De son union avec Marie-Louise Henriette Marcy, mon arrière-grand-père eut quatre filles, toutes nées à Grasse : Marie Antoinette Léonie Philippine, née le 9 juillet 1902 à Grasse, mariée à M. Xavier d’Azambuja (2), agrégé d’Histoire et de Géographie, décédée sans postérité le 9 octobre 1995 à Sisteron (3) ; Yvonne Marie Henriette Amélie, née le 15 février 1904, décédée sans alliance et sans postérité le 22 janvier 1933 d’une maladie foudroyante à Grasse (4) ; Renée Olivie Charlotte Marie, née le 11 juin 1906, mariée à M. Auguste Marcy, Officier de Marine, Officier de la Légion d’Honneur, décédée sans postérité le 29 mars 1996 à
Malijai (5) ; Gabrielle Marie Joséphine Françoise, née le 23 novembre 1907 (6), mariée à M. Germain Collomb, Avocat au Barreau de Grasse, Camelot du Roi et Ligueur d’Action française (section de Marseille), dont postérité, décédée le 11 février 1993 à Antibes (7).

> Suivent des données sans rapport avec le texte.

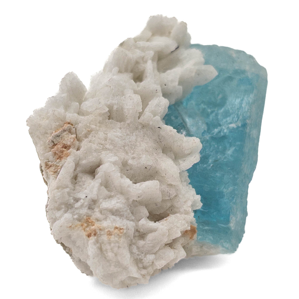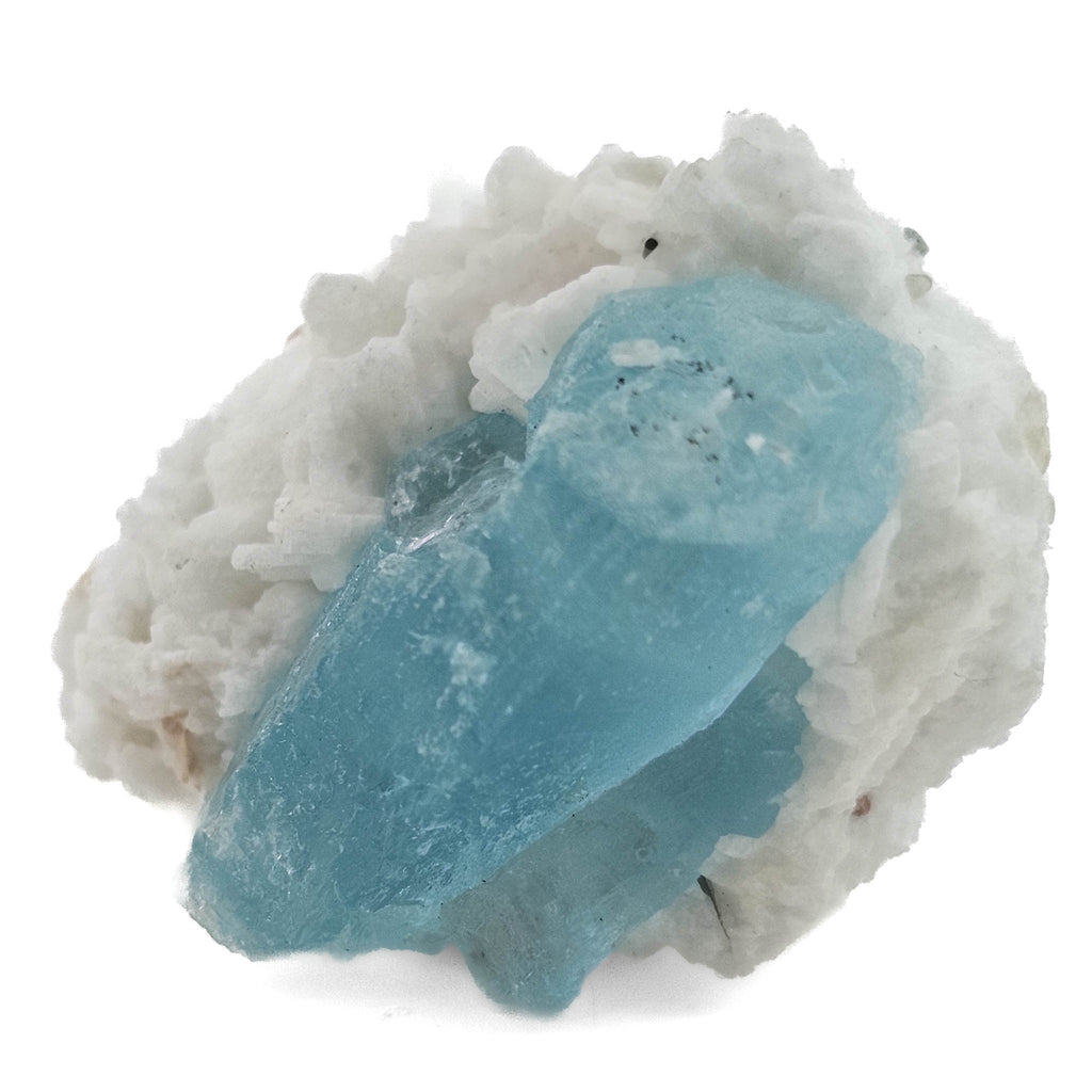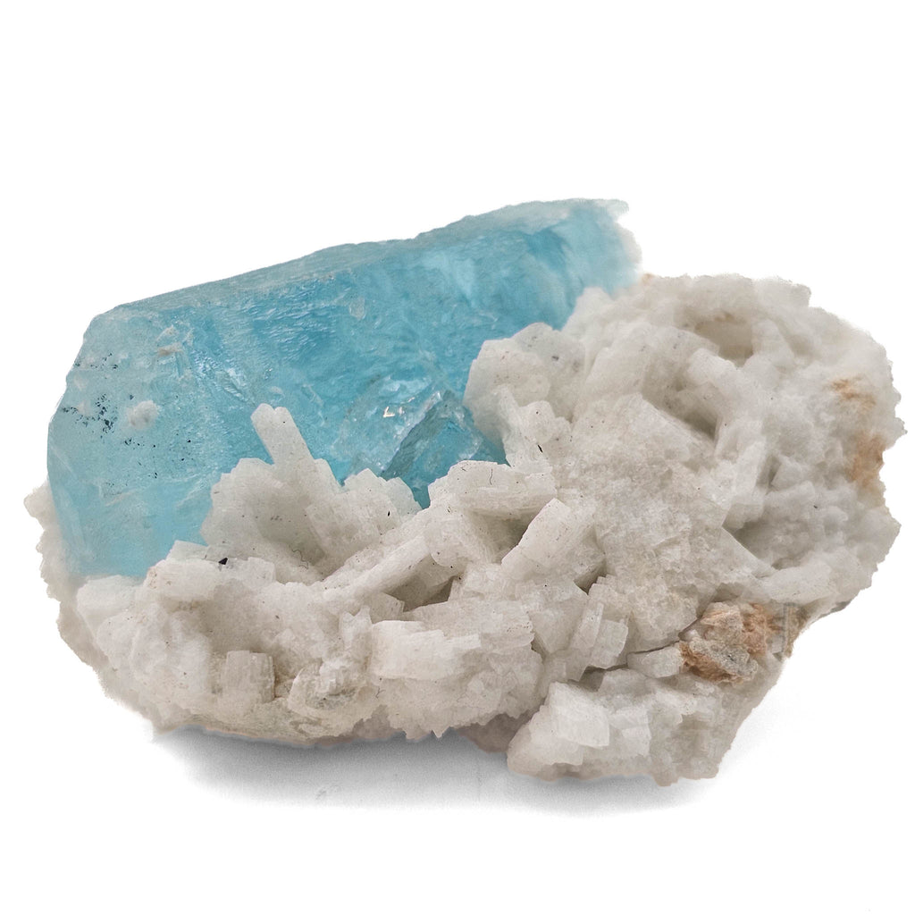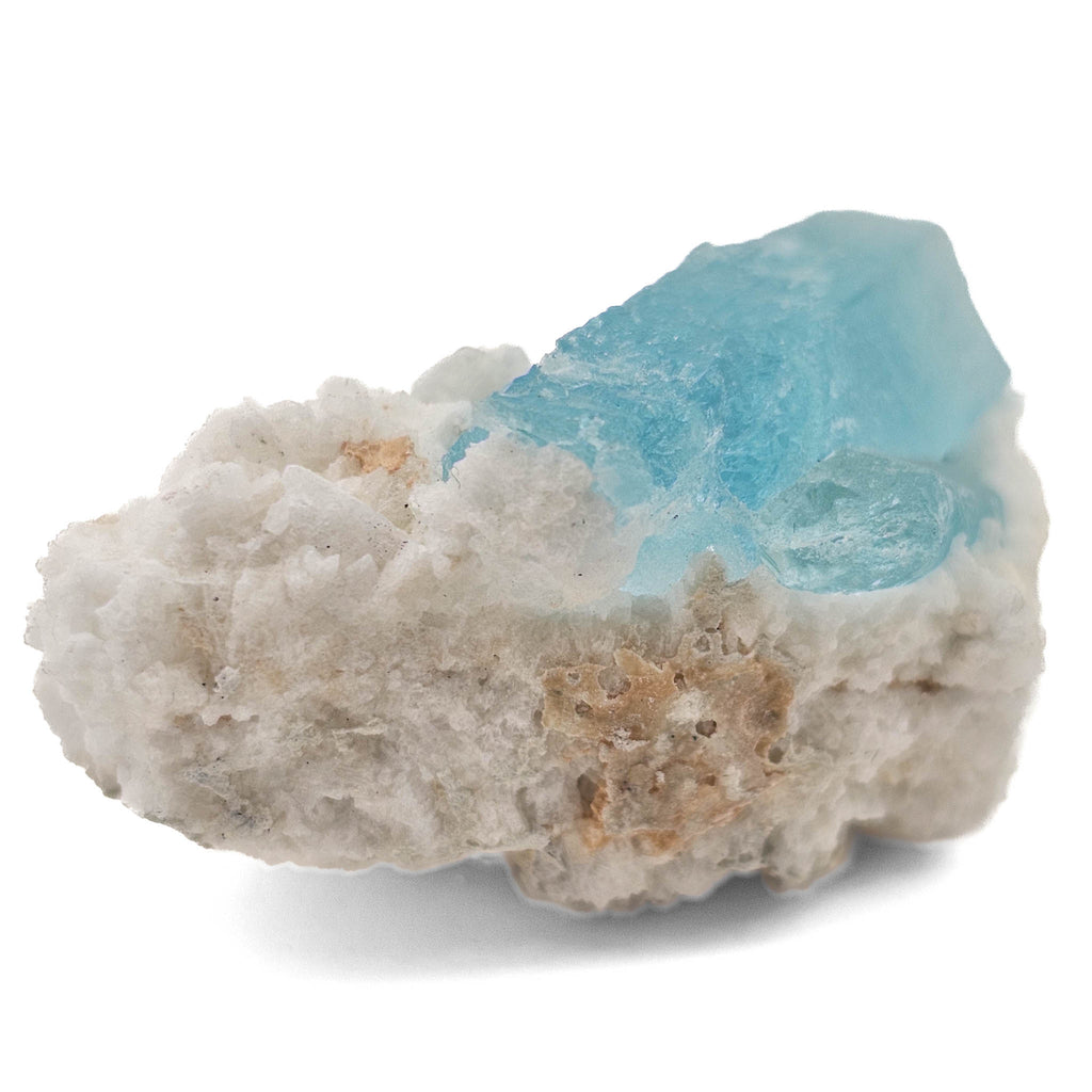 Formed within granitic pegmatites, this aquamarine grew from late-stage, beryllium-rich fluids that infiltrated fractures and cavities during the final stages of magma cooling. The surrounding feldspar represents earlier crystallization, creating the structural framework into which the aquamarine later developed. The relatively isolated crystal and compact matrix indicate a smaller pocket environment rather than a large open cavity, giving the piece a more grounded, natural formation style.

Mon arrière-grand-père fut sans doute le plus aimant, le plus affectueux des pères. Dieu n’avait pas voulu lui donner de fils, il fut comblé par l’amour de quatre filles, assez turbulentes, mais très unies. Elles ne tardèrent pas à se faire connaître dans la bonne société grassoise qui les appela « Les quatre filles du Docteur March ». Bien que déçu, il eut encore un autre mot d’humour pour résumer sa situation : « Une fille, c’est la joie ! Deux filles, c’est le désappointement. Trois filles, c’est la catastrophe...Et quatre filles, c’est le suicide ! ».

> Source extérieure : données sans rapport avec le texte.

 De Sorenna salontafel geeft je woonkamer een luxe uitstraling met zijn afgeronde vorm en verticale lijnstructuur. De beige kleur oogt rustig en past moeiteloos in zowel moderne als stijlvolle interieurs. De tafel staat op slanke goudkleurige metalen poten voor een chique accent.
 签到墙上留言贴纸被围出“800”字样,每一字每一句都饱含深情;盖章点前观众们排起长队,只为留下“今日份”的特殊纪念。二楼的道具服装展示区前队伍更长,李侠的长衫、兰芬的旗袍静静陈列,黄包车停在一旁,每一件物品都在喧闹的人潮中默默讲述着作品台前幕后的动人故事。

Il maria ma grand-tante au très élégant Xavier Marie Joseph d’Azambuja. Agrégé d’Histoire et de Géographie, ancien élève des Pères Jésuites, il enseigna toute sa vie dans les établissements placés sous la tutelle de la Compagnie de Jésus, notamment à Marseille au Collège-Lycée de Provence où je fis d’ailleurs toute ma scolarité secondaire, conformément aux volontés de mon père lui-même ancien élève des Pères Jésuites, avant d’y avoir enseigné pendant quelques mois pour pallier à l’absence d’une professeur ayant demandé sa mise en disponibilité pour préparer son agrégation. Ces quelques mois passèrent à la vitesse de l’éclair et nouèrent des relations de confiance solides entre certains élèves de l’époque, leurs parents, qui aujourd’hui encore m’ont conservé leur confiance et leur estime. La boucle était bouclée, je maintenais la tradition familiale et vins remplir une mission auprès de la Compagnie de Jésus et de Provence.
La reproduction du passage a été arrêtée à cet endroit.